Подобными же фразами испещрены некоторые из писем, полученных мною от Антона Павловича. Их было не много -- по длинному сроку нашего с лишком двадцатилетнего знакомства: дюжины две, а сохранилось вряд ли полтора десятка. Экстренные кочевья из Питера в Минусинск, из Минусинска в Вологду, из Вологды в Рим, из Рима в Париж, из Парижа в нынешнее мое итальянское захолустье отозвались на архиве моем весьма печально. Масса переписки растеряна либо в хаосе. Еще на днях я нашел письмо Антона Чехова в старой расчетной книге 1900 года.

Вышло в свет издание писем Чехова, собранных г. Бочкаревым. Издание мне не нравится: слишком хаотическая свалка сырого материала, не только не комментированного, но и вряд ли редактированного. Немного труда стоило бы, если бы изданием заведовал литератор и современник Чехова, обратить даже этот скороспелый сборник в документальную историю литературы восьмидесятников, в летопись восьмидесятного писательства. Среди оглашенных уже корреспондентов Антона Павловича два имени, так сказать, сами напрашиваются на такую поверочную и толковательную роль: В. А. Тихонов и И. Л. Щеглов. Оба -- восьмидесятники в полном смысле слова: и по возрасту, и по характеру, и по психологии жизни и деятельности. Оба отлично и долго знали Чехова и стоят в курсе всех его знакомств. Оба блестящие литературные мастера и знатоки языка чеховской эпохи. Оба, а в особенности Тихонов, варились в литературном котле одновременно с Антоном Павловичем и потому более чем кто-либо другой способны комментировать обильные намеки и красноречивые умолчания, которые ныне, будучи рассыпаны по переписке, делают ее для обыкновенного среднего читателя "подобною истории мидян, то есть темною и баснословною". Наконец, оба они, как чистые литераторы, пишущие не особенно много и не срочно, располагают временем, нужным для такого серьезного и внимательного труда, а как писатели внепартийные, сумеют остаться беспристрастными восстановителями Чехова во имя Чехова, каков он был, есть и вечно пребудет, а не тянут его ни вправо, ни влево, ни к Суворину, ни к "Миру Божьему". А то ведь тенденциозное пользование письмами Чехова уже началось -- и, к сожалению, с обеих сторон: и справа, и с умеренного лева. "Новое время" перепечатало из сборника г. Бочкарева письмо Чехова к И. И. Орлову с жестоким разносом интеллигенции, но хитренько выпустило строки о том, какую интеллигенцию Чехов имел в виду: "Вспомните, что Катков, Победоносцев, Вышнеградский,-- это питомцы университетов, это наши профессора; отнюдь не бурбоны, а профессора, светила" {Цитирую по перепечатке "Одесск<их> нов<остей>".}.
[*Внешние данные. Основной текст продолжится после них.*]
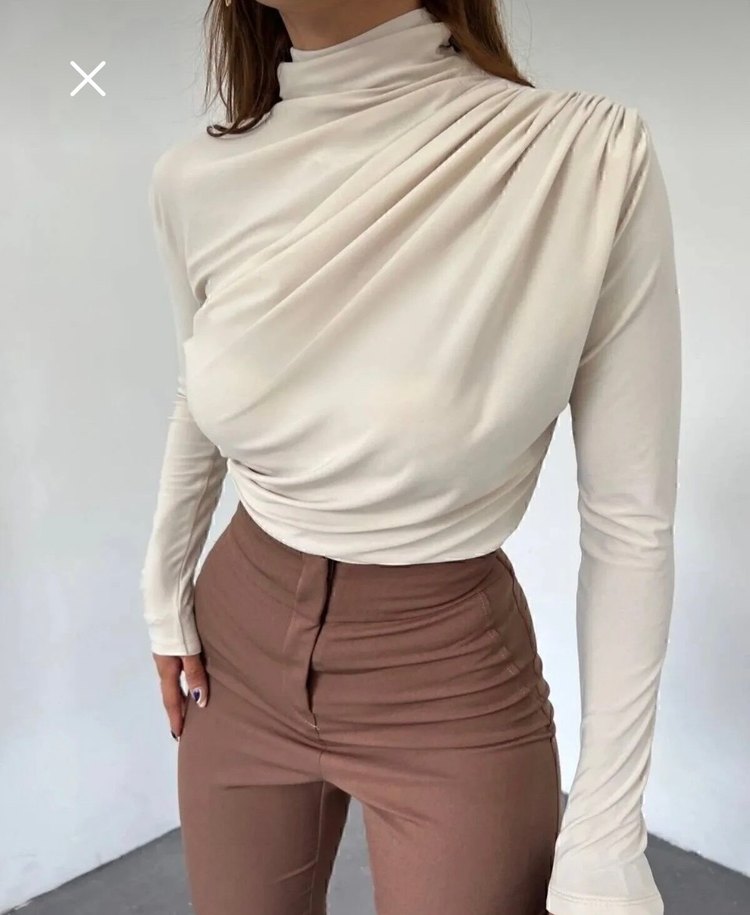 Kadın dik yaka omuz ve bel büzgülü uzun Kollu Bluz

Наоборот, в передовой печати тоже цензуруют по-своему. Читаю в столичной левой газете выдержку из письма к Плещееву: "Имение С<аг>гиных велико и обильно, но старо, запущено и мертво, как прошлогодняя паутина. Дом осел, двери не затворяются, изразцы на печке выпирают друг друга и образуют углы, из щелей полов выглядывают молодые побеги вишен и слив. В той комнате, где я спал, между окном и ставней соловей свил себе гнездо <...> На риге живут солидные аисты. На пасеке обитает дед, помнящий царя Гороха и Клеопатру Египетскую. Все ветхо и гнило, но зато поэтично, грустно и красиво в высшей степени".

"Настоящее стихотворение в прозе", восклицает газета.

Совершенно справедливо. Но моя проклятая справочная память подсказывала мне, что это стихотворение в прозе я уже как будто читал, и чего-то недостает в нем по тексту, приведенному в газете. Получив сборник г. Бочкарева, разыскал цитату в оригинале. И что же? Между "соловей свил себе гнездо" и "на риге живут солидные аисты" нахожу еще подробность, быть может, самую трогательную во всей картине: "...и при мне вывелись маленькие голенькие соловейчики, похожие на раздетых жиденят".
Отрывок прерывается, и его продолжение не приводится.